Tuesday, June 13, 2017

Taco Tuesday's Days Might Be Numbered. Because Cultural Appropriation | Intellectual Takeout

A burrito cart in Portland recently closed after citizens of one of America’s most progressive cities
charged its owners with cultural appropriation. Accused of exploiting a marginalized culture by serving its food, two white women and their breakfast burritos were forced into early retirement.

Does this signify the collapse of ethnic cuisine? Are all Mexican food chains doomed? Must Taco Tuesdays in households across America cease?

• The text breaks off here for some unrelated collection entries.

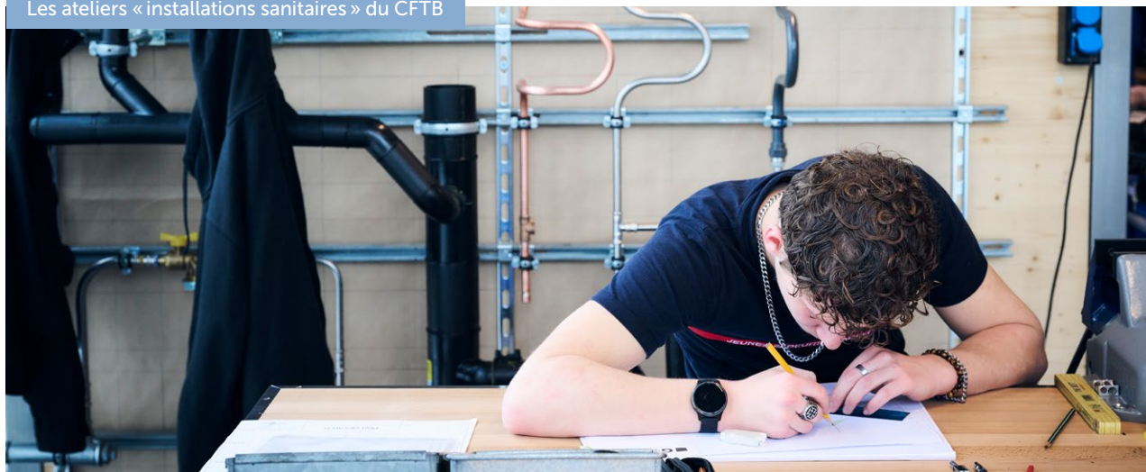
Les ateliers « installations sanitaires » du CFTB

Pour davantage d'informations sur les formations continues que nous proposons, rendez-vous sur la page dédiée du site internet du groupement MBG.
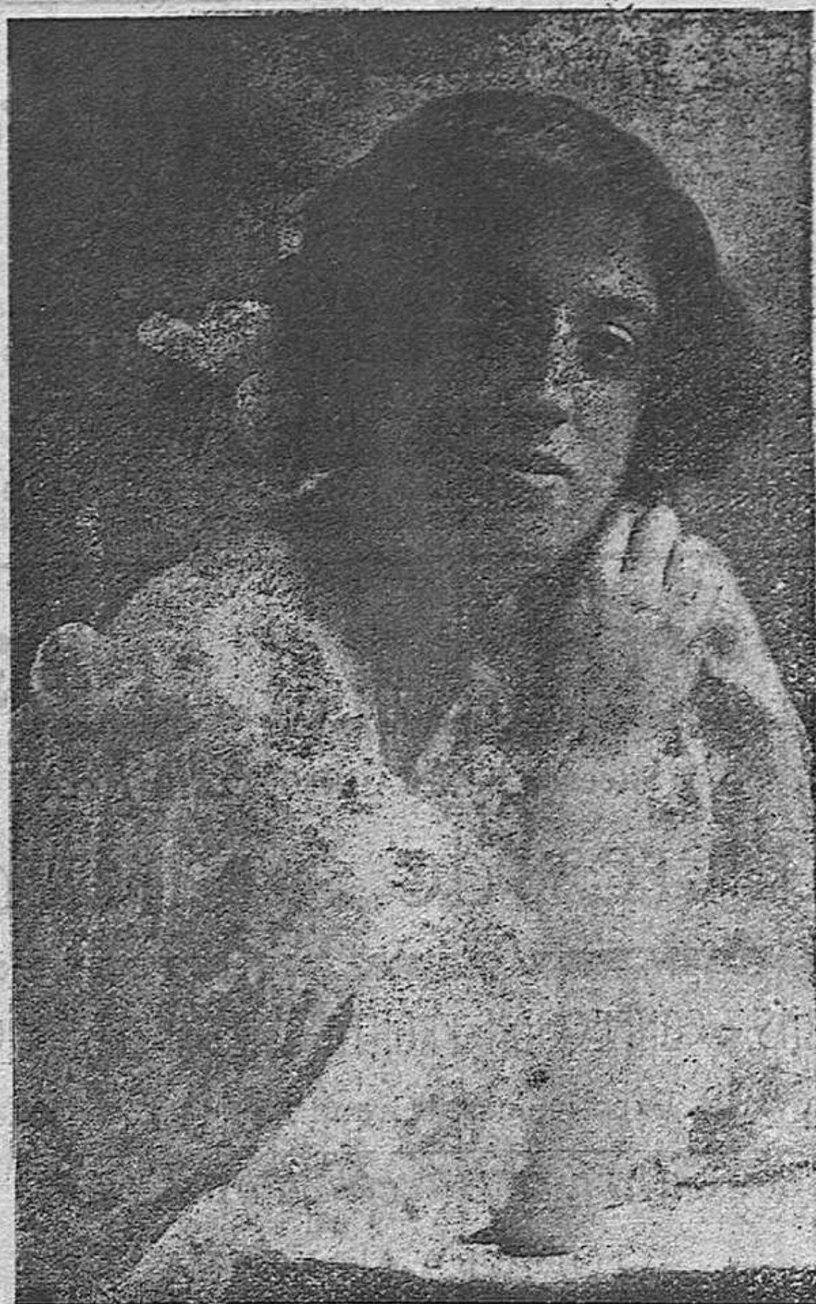
LA CARTAGINESA. Aplaudida bailarina.
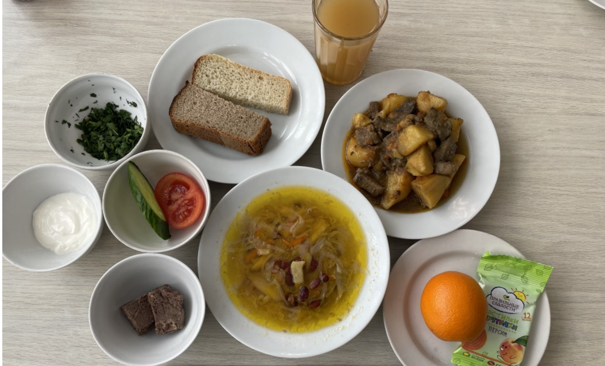
5-11 классы – обед для учащихся льготной категории
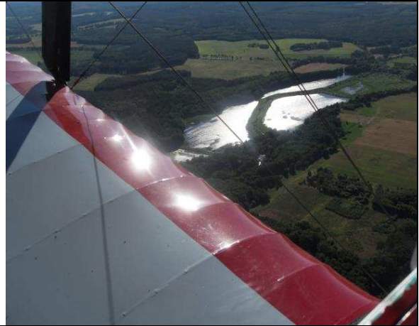
Weiterflug über die riesigen Wälder Pommerns an die Ostsee
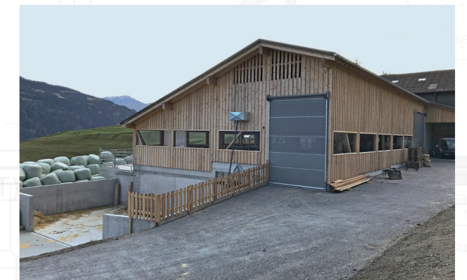
LBA Referenzobjekt 501474

Landwirtschaftliches Bau- und Architekturbüro info@lba.ch www.lba.ch
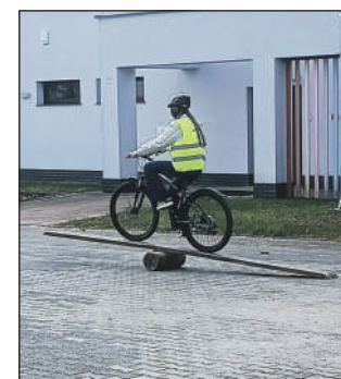
Jedna z konkurencji
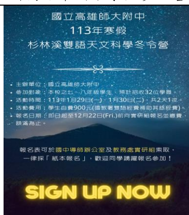
國中部雙語天文寒假冬令營
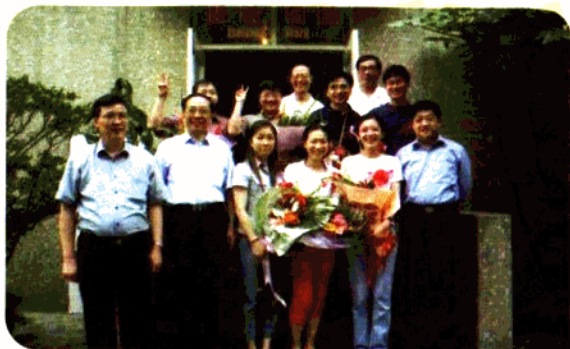
卫生局领导送医疗队进病房
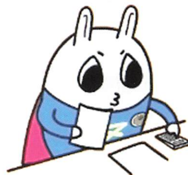
東京地方税理士会 イメージキャラクターの「トッチーくん」

According to the outraged and offended, households and consumers are in the clear. It’s businesses that need to watch out. Because it’s not about the burritos, really. It’s about power.

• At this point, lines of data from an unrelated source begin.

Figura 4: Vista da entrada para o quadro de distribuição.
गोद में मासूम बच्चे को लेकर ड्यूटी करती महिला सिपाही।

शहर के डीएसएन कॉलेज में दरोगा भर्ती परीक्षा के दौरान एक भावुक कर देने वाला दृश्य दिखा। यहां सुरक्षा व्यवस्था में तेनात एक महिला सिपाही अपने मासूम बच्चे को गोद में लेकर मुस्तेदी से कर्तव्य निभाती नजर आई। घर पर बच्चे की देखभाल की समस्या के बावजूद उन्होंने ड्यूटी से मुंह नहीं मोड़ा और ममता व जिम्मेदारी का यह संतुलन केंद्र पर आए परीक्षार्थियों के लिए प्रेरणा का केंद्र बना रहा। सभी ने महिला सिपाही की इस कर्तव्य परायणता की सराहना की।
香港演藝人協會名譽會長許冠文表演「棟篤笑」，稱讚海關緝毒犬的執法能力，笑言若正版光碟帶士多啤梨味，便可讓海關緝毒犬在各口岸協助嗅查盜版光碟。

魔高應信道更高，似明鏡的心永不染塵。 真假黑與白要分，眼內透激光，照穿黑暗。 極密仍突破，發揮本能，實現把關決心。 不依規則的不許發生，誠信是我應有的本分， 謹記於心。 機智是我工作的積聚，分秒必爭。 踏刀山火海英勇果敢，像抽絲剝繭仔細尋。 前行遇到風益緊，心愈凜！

What happened to Kali Wilgus and Liz Connelly, the two women who had the misfortune to run a popular food cart in Portland, was this: In mid-May a local publication ran a short profile on the women and their business, Kooks Burritos. Wilgus and Connelly explained that they had visited Mexico and gushed over the tortillas in Puerto Nuevo. So they did what many entrepreneurial people do: they asked the chefs their methods and brought those insights back to their hometown and launched their own food cart.

Portlanders were outraged that the women would snag delicious tortilla recipes from Mexico and popularize them in the U.S. without compensating the Hispanic women who shared their secrets. Within a week, Kooks Burritos had shut down.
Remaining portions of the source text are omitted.